The basic idea of the Bluesky architecture at least how I understand it as it is implemented now is that yes anybody can host their own node to a network in Bluesky, and one can theoretically form alternative private networks between these nodes that are unconnected and thus decentralized from Bluesky the corporation/central servers themselves.

However, to join the main conversation, the main endorsed centralized channels of conversation all the people you want to talk to are on, you have to fully subscribe to the centralized authority of Bluesky and their servers in terms of everything, content moderation, ads, whatever when you participate in that "channel".

This might seem like a small detail, it seems like I just said that Bluesky can be used as a decentralized social network and yes theoretically it can, but the fediverse, mastodon, lemmy, piefed, peertube and other software projects were designed to mitigate the suffocating of the periphery that the network effect creates.
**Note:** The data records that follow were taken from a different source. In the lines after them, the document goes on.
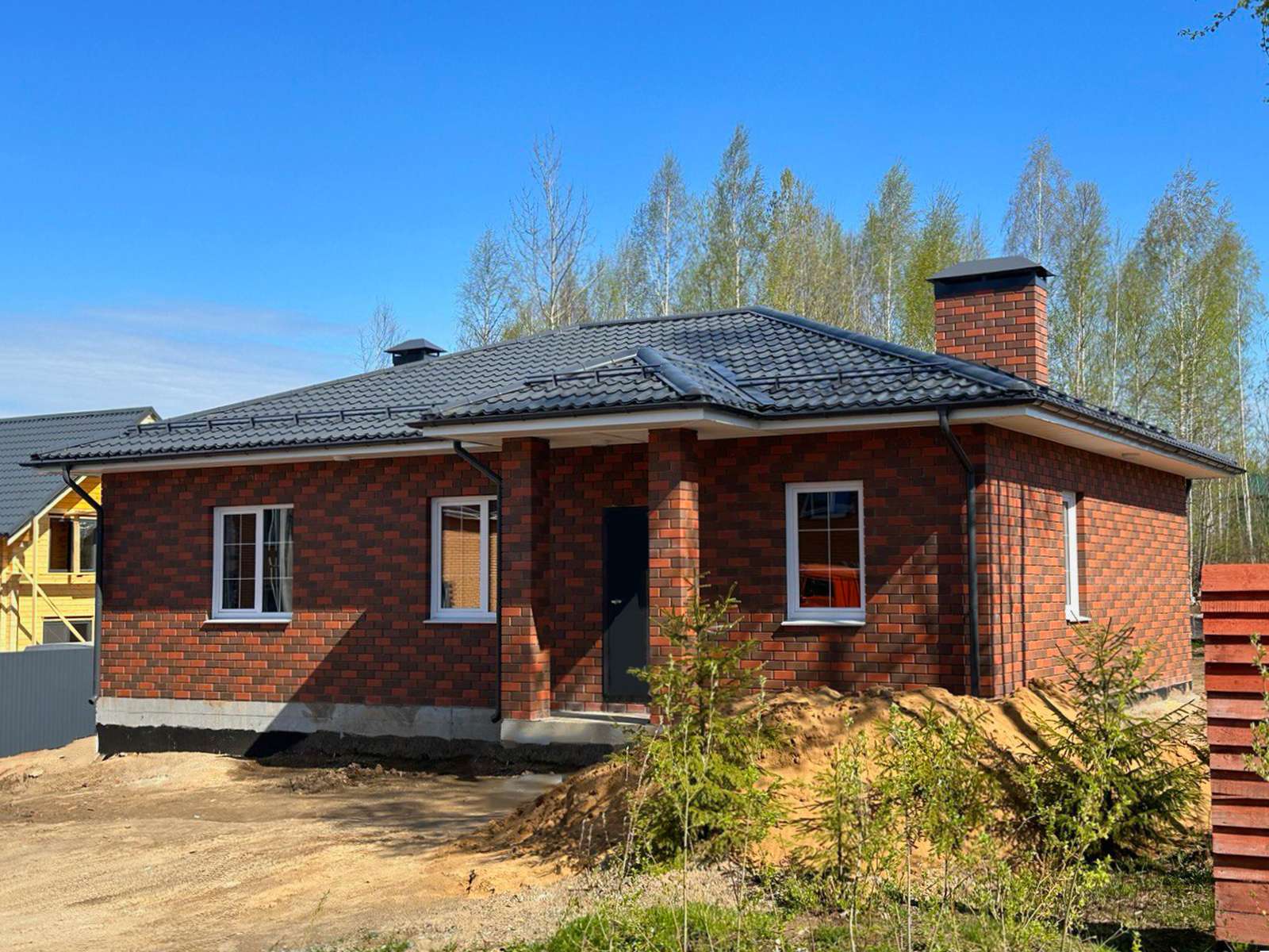 В этом доме 3 спальных комнаты, кухня-гостиная и 1 санузел. Капитальные стены из газобетонных блоков. Фасад дома из клинкерного кирпича марки 250. Построено более 10 таких домов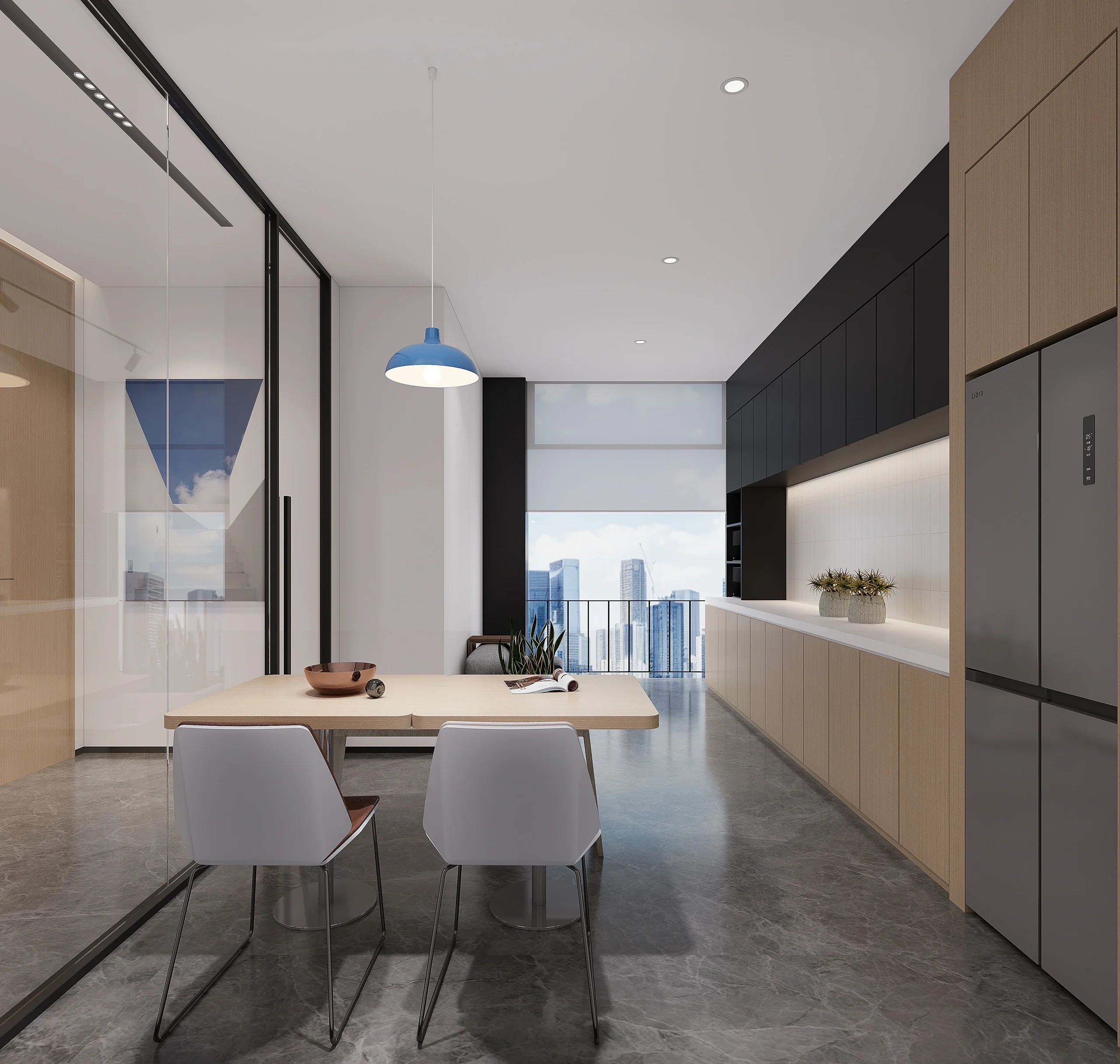 设计师打破了空间之间的条框间隔,充分利用空间的所有面积,空间变得更开阔的同时增加了室内的光线。大理石的到来是一种格调的升华,它让空间感和节奏感更加突显。木质地板与大理石地板的结合是一种调性的美,是一种独具一格的魅力所在。没有过多的装饰元素,用最本质的东西来描绘空间本身。东方韵律与现代西方的相互倾诉 排列 组合。再极致简约的空间里,来展现艺术的价值。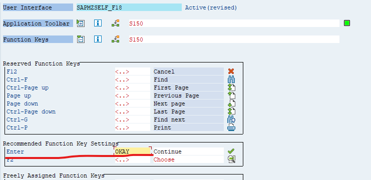 Enter키에 대한 Function Code를 OKAY를 등록하고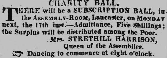 Charity Ball Lancaster Gazette Feb 1817: Courtesy Guardian Newspapers
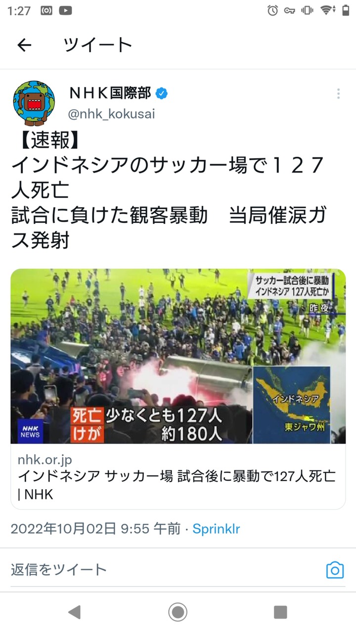 【悲報】サッカーの試合で暴動、ピッチ内で127人が死亡…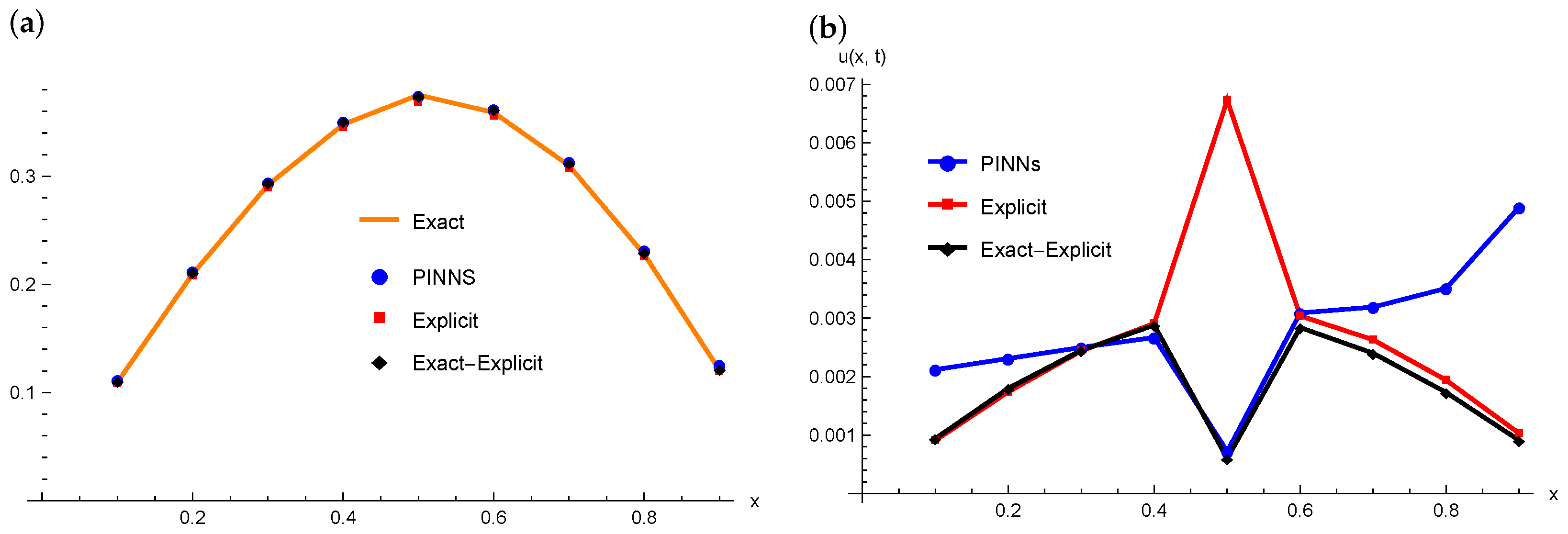 x | Explicit [37] | Exact-Explicit [37] | PINNs | Exact Solution |

Communities here can grow from small pieces floating nearby other larger pieces, it isn't an all or nothing participation in one massive commons controlled by a centralized power that allows small private alternatives to hopelessly wilt in its glare...

So then what about Threads? That is a more interesting question, but even in this case my first question is why is Meta interested fundamentally in the fediverse... and why now? If they had any interest other than a narrow attempt to hedge their bets and jump on the bandwagon so they can say they are doing so, they would have funded tiny little accelerator projects exploring this kind of thing LONG ago.

If you listen to any of this long rant, please ask yourself this question. Why are massive social media companies, with so much cash on hand they might as well be small countries, only putting serious effort into creating decentralized social media technology and building out the infrastructure NOW after the path forward was already blazed? Where were they when the fediverse was still just mostly a cute idea without practical infrastructure built out and standards agreed to?

When talking about whether a specific corporate social media platform is decentralized or not you cannot ignore this context, these foundations had already been laid and fairly well built up by a small rag tag team of developers working almost entirely as volunteers funded on a yearly budget so small it wouldn't cover a single dinner check for the executives of Meta.

An aside... also consider the implications of the massive amount of computation that the architecture of Bluesky is set up to require for moderation of channels with the claims they are making about needing channels to processed by servers to be fed back to nodes in turn. Consider the difference in power/leverage between small nodes and massive communities in a situation where moderation is done by humans doing moderation (with automated screening tools to help maybe, but ultimately human) vs when moderation is done by applying a prohibitively expensive amount of computing power to the raw firehose of conversation. The difference is who gets to moderate public spaces and who doesn't.